2. The method as recited in claim 1, further comprising performing
a cementing operation through an oriented casing of the plurality
of oriented casings in the conductor tube prior to forming the
boreholes beneath the conductor tube.
3. The method as recited in claim 2, wherein cementing comprises
pumping cement down one oriented casing of the plurality of
oriented casings.
4. The method as recited in claim 3, further comprising providing a
check valve in each oriented casing to block upflow of cement into
the plurality of oriented casings during cementing.
5. The method as recited in claim 1, wherein deploying the
plurality of oriented casings comprises deploying two oriented
casings in the conductor tube.
6. The method as recited in claim 1, wherein deploying the two
oriented casings comprises deploying the two oriented casings so as
to extend into the conductor tube from a dual wellhead.
7. The method as recited in claim 1, wherein deploying the two
oriented casings comprises deploying the two oriented casings so as
to extend into the conductor tube from a well bay.
8. The method as recited in claim 6, further comprising locating a
plurality of the dual wellheads on a platform; and using pairs of
the oriented casings for each wellhead so as to provide unique
orientations relative to the orientations of other pairs of
oriented casings.
9. The method as recited in claim 1, further comprising aligning
the modules via alignment pins and corresponding alignment openings
in adjacent modules.
10. A system for orienting casing strings, comprising: a platform
cooperating with a plurality of conductor tubes extending beneath a
platform to a seabed location, each conductor tube having a
plurality of oriented casings which are arranged to provide a
desired exit angle and azimuthal orientation, the plurality of
oriented casings in the plurality of conductor tubes being arranged
to facilitate formation of boreholes extending from the pluralities
of oriented casings; and a plurality of borehole casings placed in
the boreholes so each borehole casing extends from a corresponding
oriented casing of the pluralities of oriented casings without
interference from other boreholes or borehole casings.
11. The system as recited in claim 10, wherein the plurality of
oriented casings in each conductor tube comprises two oriented
casings.
12. The system as recited in claim 10, wherein the plurality of
oriented casings in each conductor tube comprises check valves to
facilitate cementing operations.
13. The system as recited in claim 10, wherein the borehole casings
are cemented in the corresponding boreholes.
14. The system as recited in claim 10, wherein the plurality of
oriented casings is constructed via an assembly of sequential,
oriented modules.
15. A method, comprising: placing a plurality of conductor tubes
into a seabed in conjunction with a platform; arranging a plurality
of oriented casings in each conductor tube; using the orientation
of each oriented casing to direct a corresponding drilling of a
borehole and placement of a borehole casing in the borehole without
interfering with other boreholes and borehole casings associated
with other oriented casings.
16. The method as recited in claim 15, further comprising
assembling the plurality of oriented casings as a series of modules
arranged to establish the desired exit angle and azimuthal
orientation for each plurality of oriented casings.
17. The method as recited in claim 15, further comprising
performing a cementing operation through at least one of the
oriented casings.
18. The method as recited in claim 17, further comprising placing
check valves at lower ends of the oriented casings.
19. The method as recited in claim 15, further comprising cementing
each borehole casing in its corresponding borehole.
20. The method as recited in claim 16, further comprising using
alignment features to couple together a desired sequence of modules
containing sections of the oriented casings.
Description
CROSS-REFERENCE TO RELATED APPLICATIONS
[0001] The present document is based on and claims priority to U.S.
Provisional Application Ser.
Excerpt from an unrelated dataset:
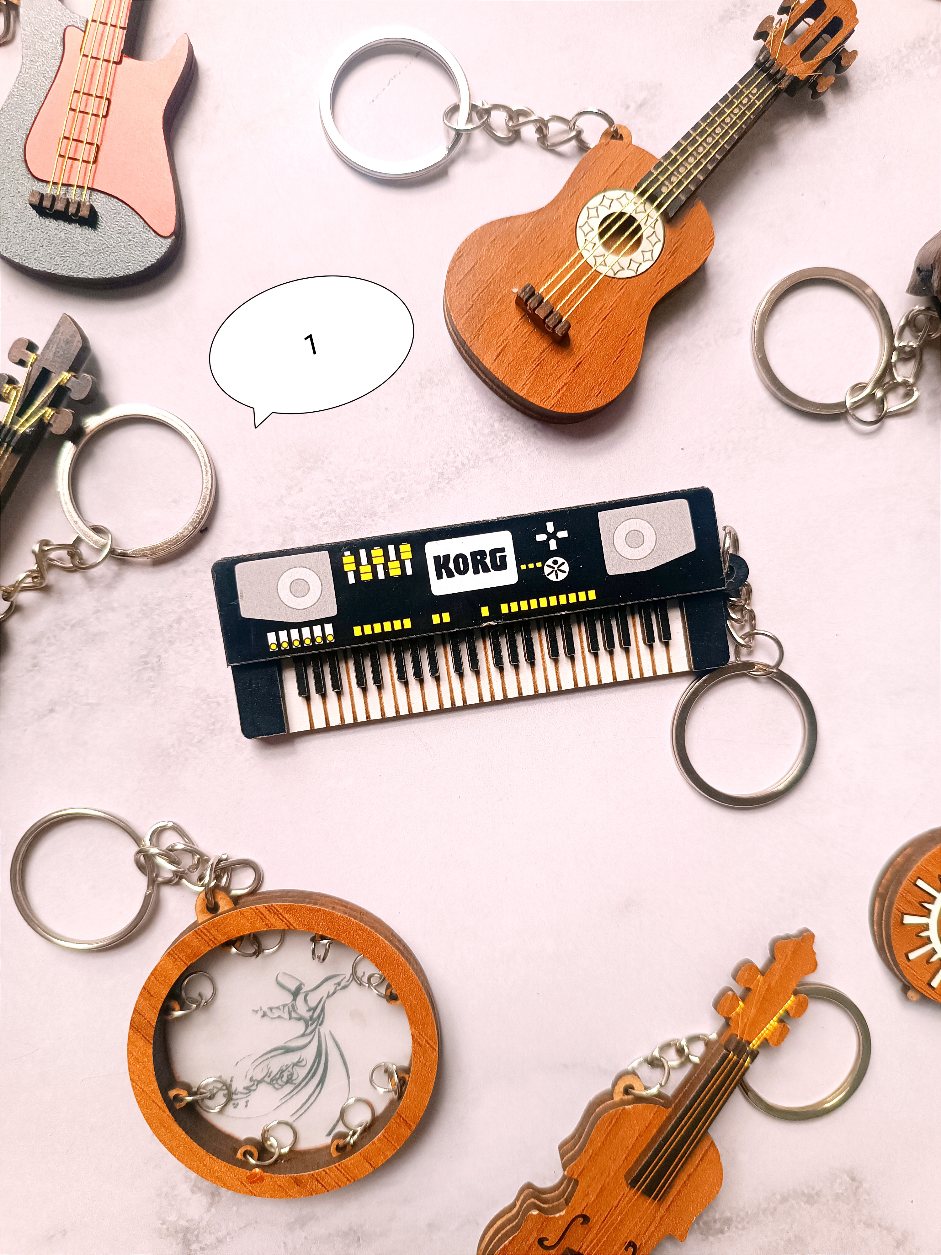 جاکلیدی و آویز چوبی آلات موسیقی

No. 61/863,163, filed Aug. 7, 2013,
which is incorporated herein by reference in its entirety.
BACKGROUND
[0002] Hydrocarbon fluids such as oil and natural gas are obtained
from a subterranean geologic formation, referred to as a reservoir,
by drilling a well that penetrates the hydrocarbon-bearing
formation. Once a wellbore is drilled, various forms of well
completion components may be installed to control and enhance
efficiency of producing the various fluids from the reservoir. One
piece of equipment which may be installed is a casing which may be
deployed in a corresponding, drilled borehole. In multilateral
wells, multiple casings may be run in their corresponding
boreholes. The boreholes and casings are oriented to avoid
interfering with each other.
SUMMARY
[0003] In general, a methodology and system are provided for
facilitating running of casing strings in, for example, a
multilateral well or system of wells. A conductor tube may be
placed into a hole formed in a seabed. A plurality of oriented
casings is deployed in the conductor tube and the oriented casings
are arranged with a specific exit angle and azimuthal orientation.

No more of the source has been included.